━━ Excerpted data ━━

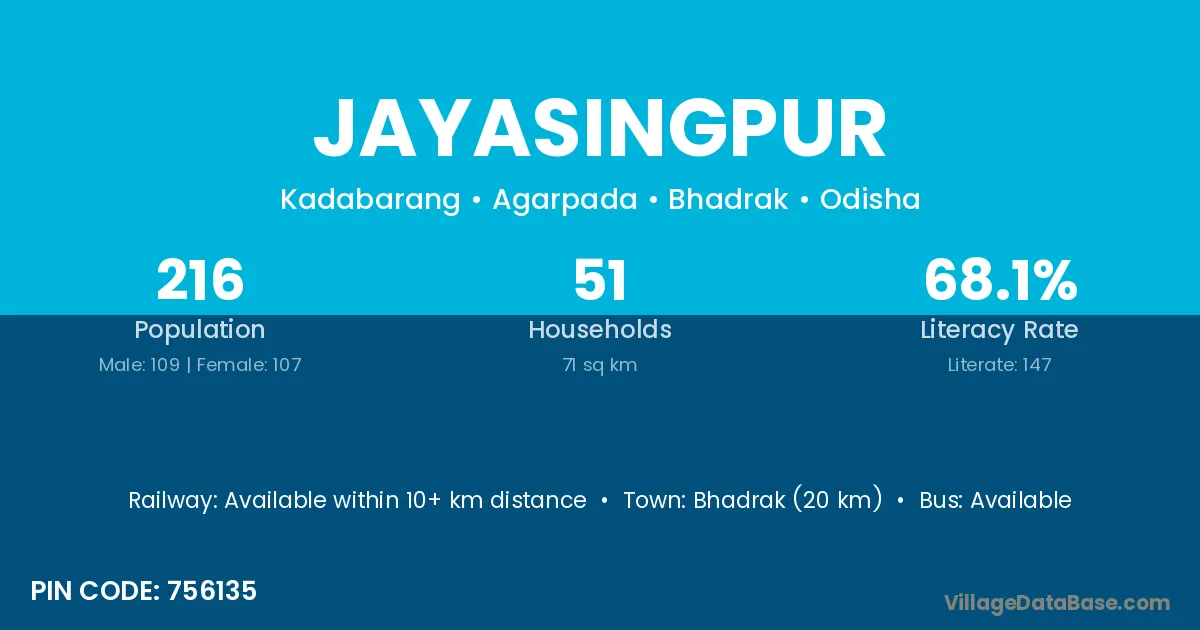 Bhadrak (20 km) is the nearest town to Jayasingpur village for major economic activities and is located approximately 20 km away.
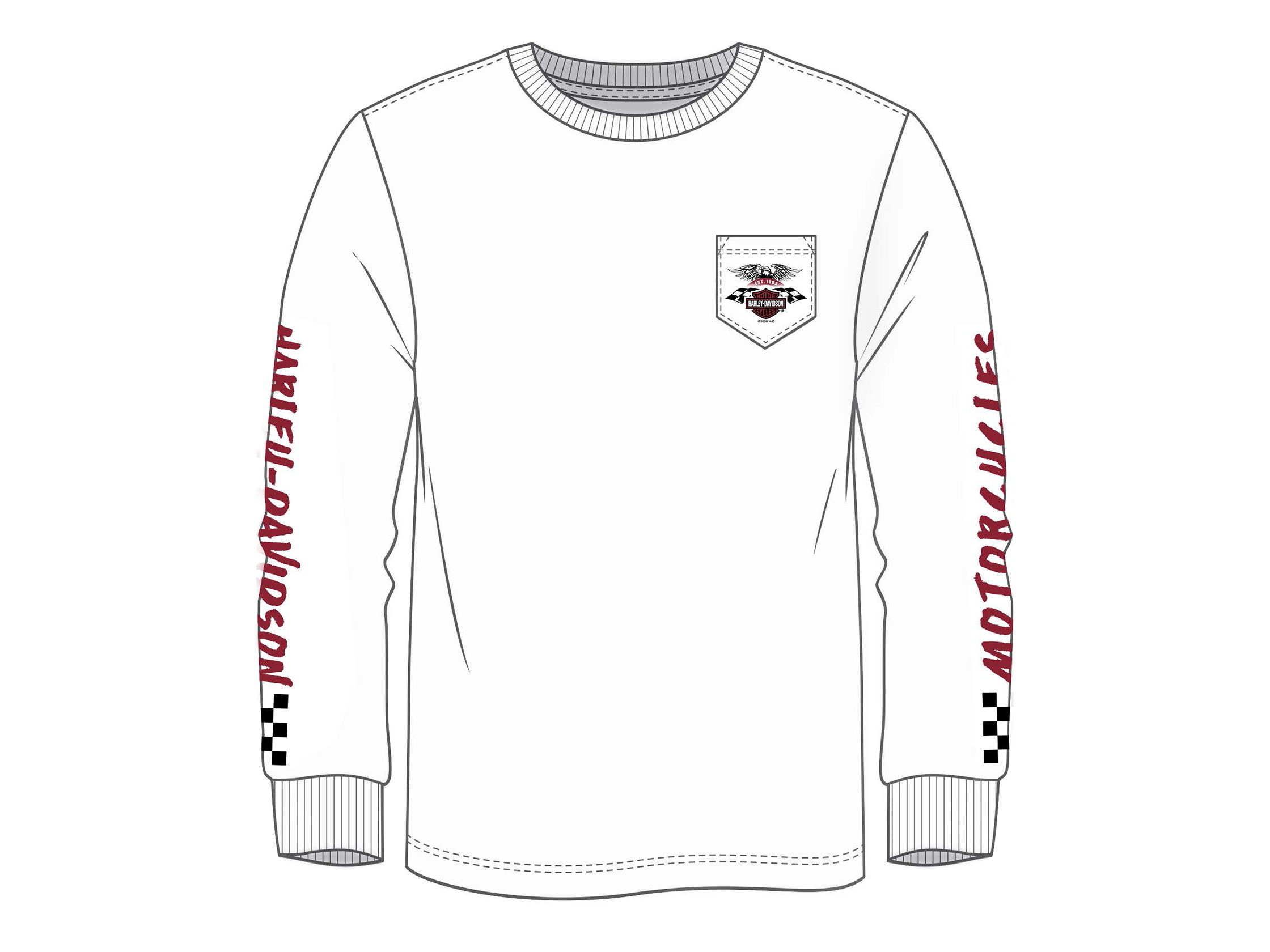 Harley-Davidson Longsleeve mit House of Flames Rosenheim Dealer-Aufdruck auf der Rückseite.
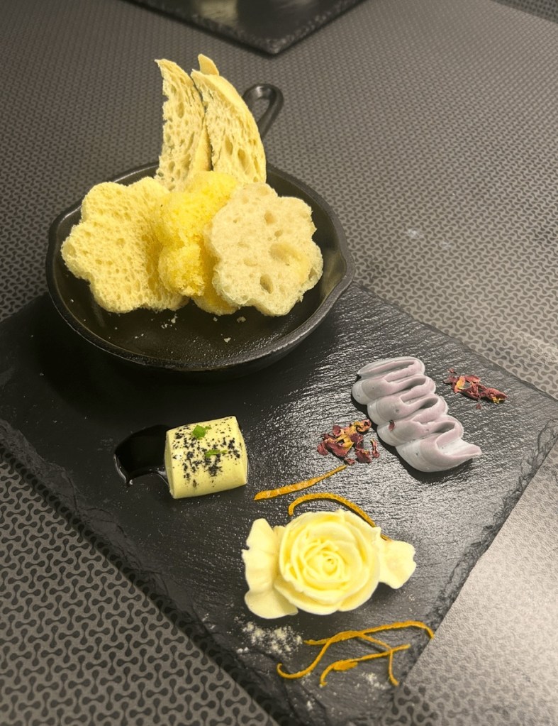 Presented on black slate, the dish had a natural, earthy aesthetic, with butter piped in elegant floral shapes, delicate dried petals scattered across the plate, and a fine dusting of black salt for contrast. The crisp textures of the bread and the softness of the butters played against each other, setting the tone for the evening—a meal where every element was as visually striking as it was flavorful.
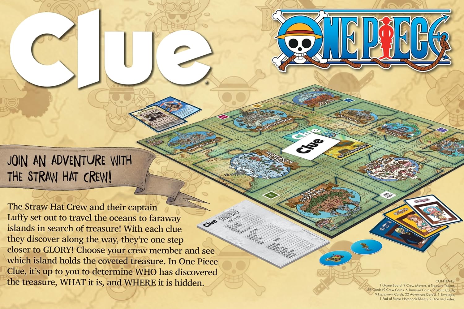 The Straw Hat Crew and their captain Luffy set out to travel the oceans to faraway islands in search of treasure! With each clue they discover along t he way, they’re one step closer to GLORY! Choose your crew member and see which island holds the coveted treasure. In One Piece Clue, it’s up to you to determine WHO has discovered the treasure, WHAT it is, and WHERE it is hidden.
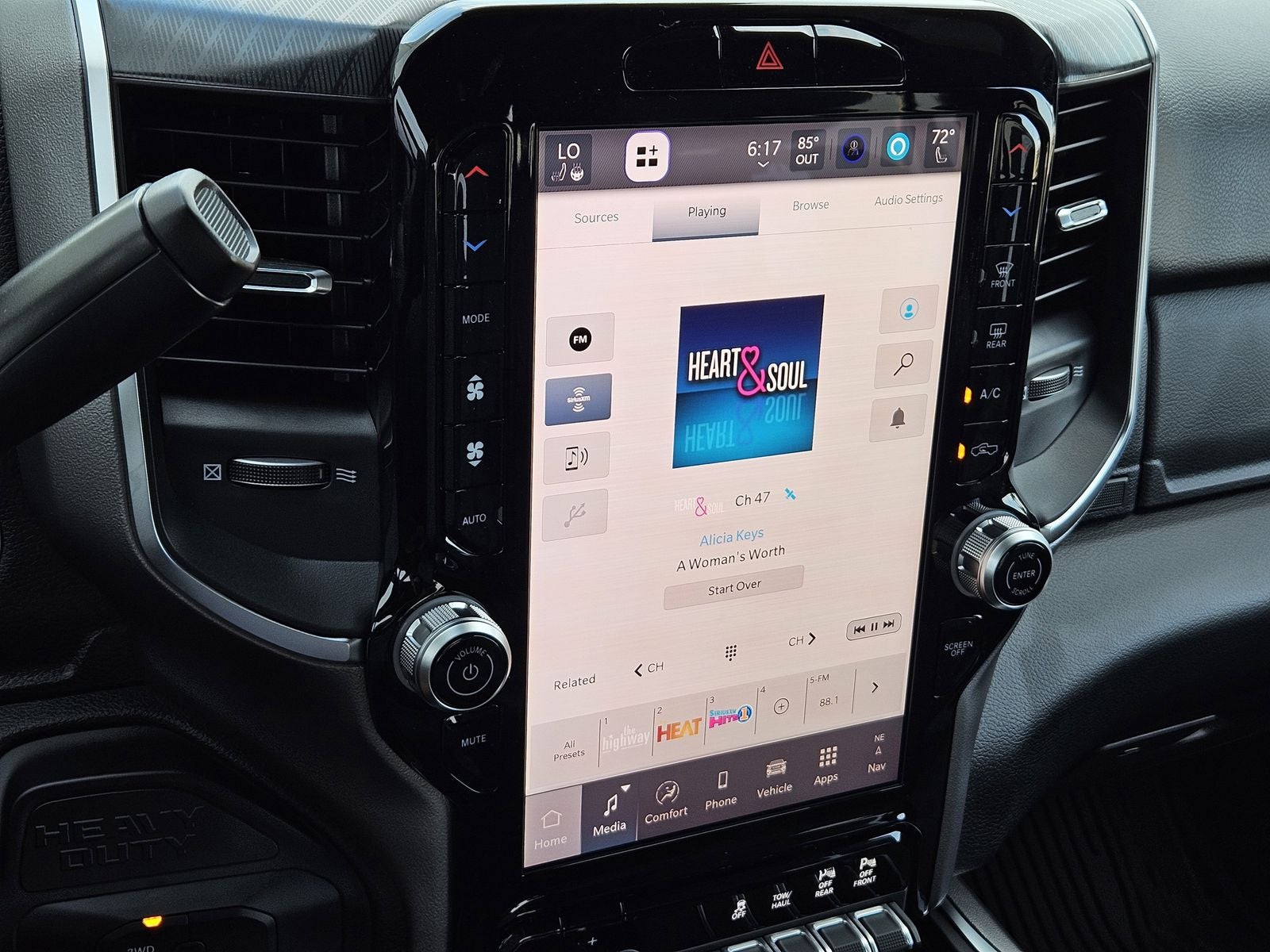 Inside, the Big Horn Crew Cab offers a refined and functional interior. Premium cloth bucket seats, dual-zone automatic climate control, and a large Uconnect 5 Nav system with a 12-inch touchscreen provide comfort and connectivity for both driver and passengers. Advanced safety technologies such as Adaptive Cruise Control with Stop, Forward Collision Warning Plus, and Pedestrian/Cyclist Emergency Braking help add peace of mind whether youre on the highway or navigating tight work areas.
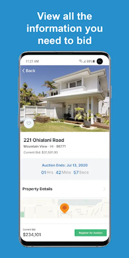 • Register and bid on properties in your area of interest from anywhere and on any device
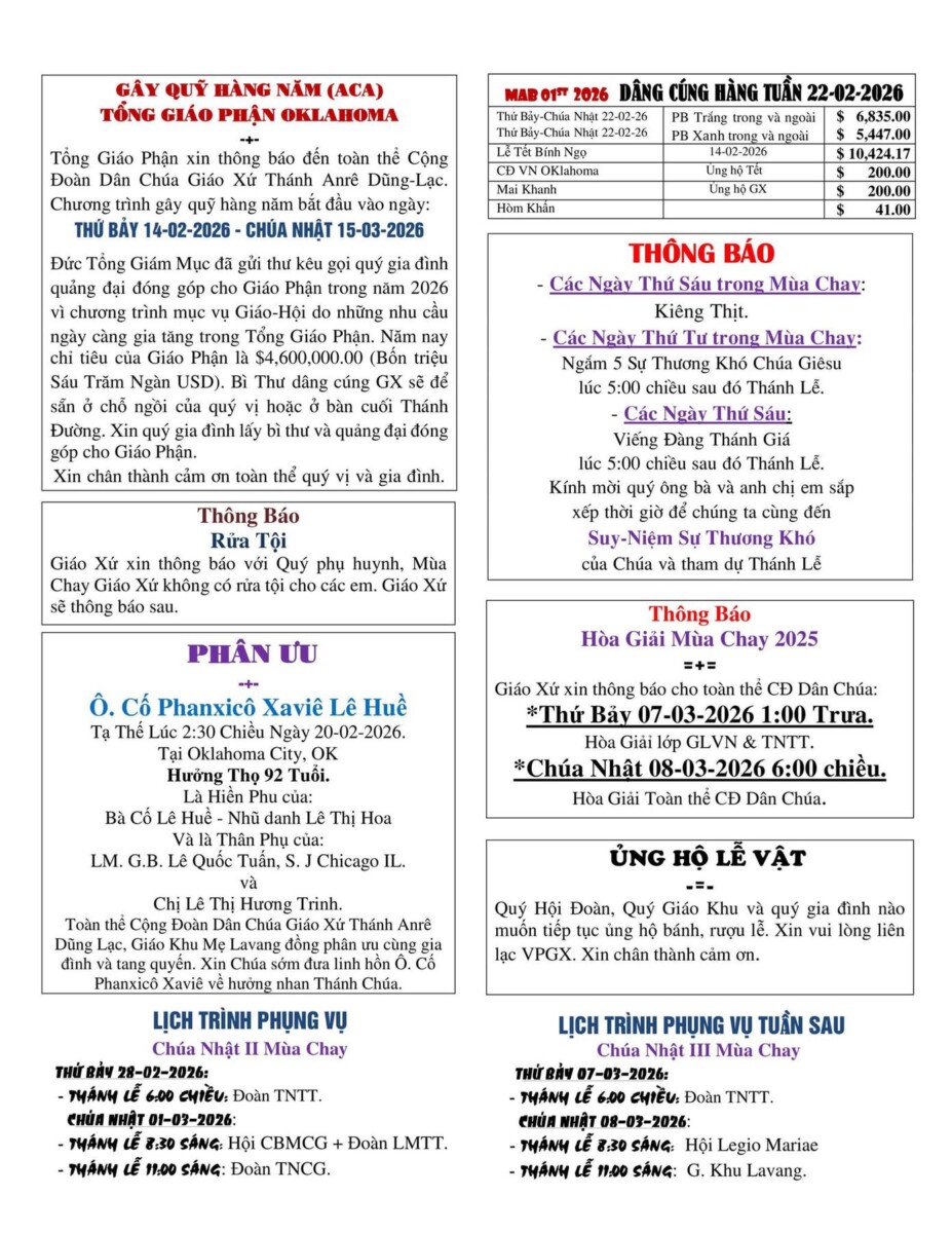 CHÀO MỪNG QUÝ VỊ ĐÉN VỚI FACEBOOK PAGE CỦA GX THÁNH ANRÊ DŨNG LẠC OKLAHOMA CITY, OK

━━━

## Action item
Return all entries preceding this task exactly as they stand, leaving any picture out.

## Solution to this exercise
 Bhadrak (20 km) is the nearest town to Jayasingpur village for major economic activities and is located approximately 20 km away.
 Harley-Davidson Longsleeve mit House of Flames Rosenheim Dealer-Aufdruck auf der Rückseite.
 Presented on black slate, the dish had a natural, earthy aesthetic, with butter piped in elegant floral shapes, delicate dried petals scattered across the plate, and a fine dusting of black salt for contrast. The crisp textures of the bread and the softness of the butters played against each other, setting the tone for the evening—a meal where every element was as visually striking as it was flavorful.
 The Straw Hat Crew and their captain Luffy set out to travel the oceans to faraway islands in search of treasure! With each clue they discover along t he way, they’re one step closer to GLORY! Choose your crew member and see which island holds the coveted treasure. In One Piece Clue, it’s up to you to determine WHO has discovered the treasure, WHAT it is, and WHERE it is hidden.
 Inside, the Big Horn Crew Cab offers a refined and functional interior. Premium cloth bucket seats, dual-zone automatic climate control, and a large Uconnect 5 Nav system with a 12-inch touchscreen provide comfort and connectivity for both driver and passengers. Advanced safety technologies such as Adaptive Cruise Control with Stop, Forward Collision Warning Plus, and Pedestrian/Cyclist Emergency Braking help add peace of mind whether youre on the highway or navigating tight work areas.
 • Register and bid on properties in your area of interest from anywhere and on any device
 CHÀO MỪNG QUÝ VỊ ĐÉN VỚI FACEBOOK PAGE CỦA GX THÁNH ANRÊ DŨNG LẠC OKLAHOMA CITY, OK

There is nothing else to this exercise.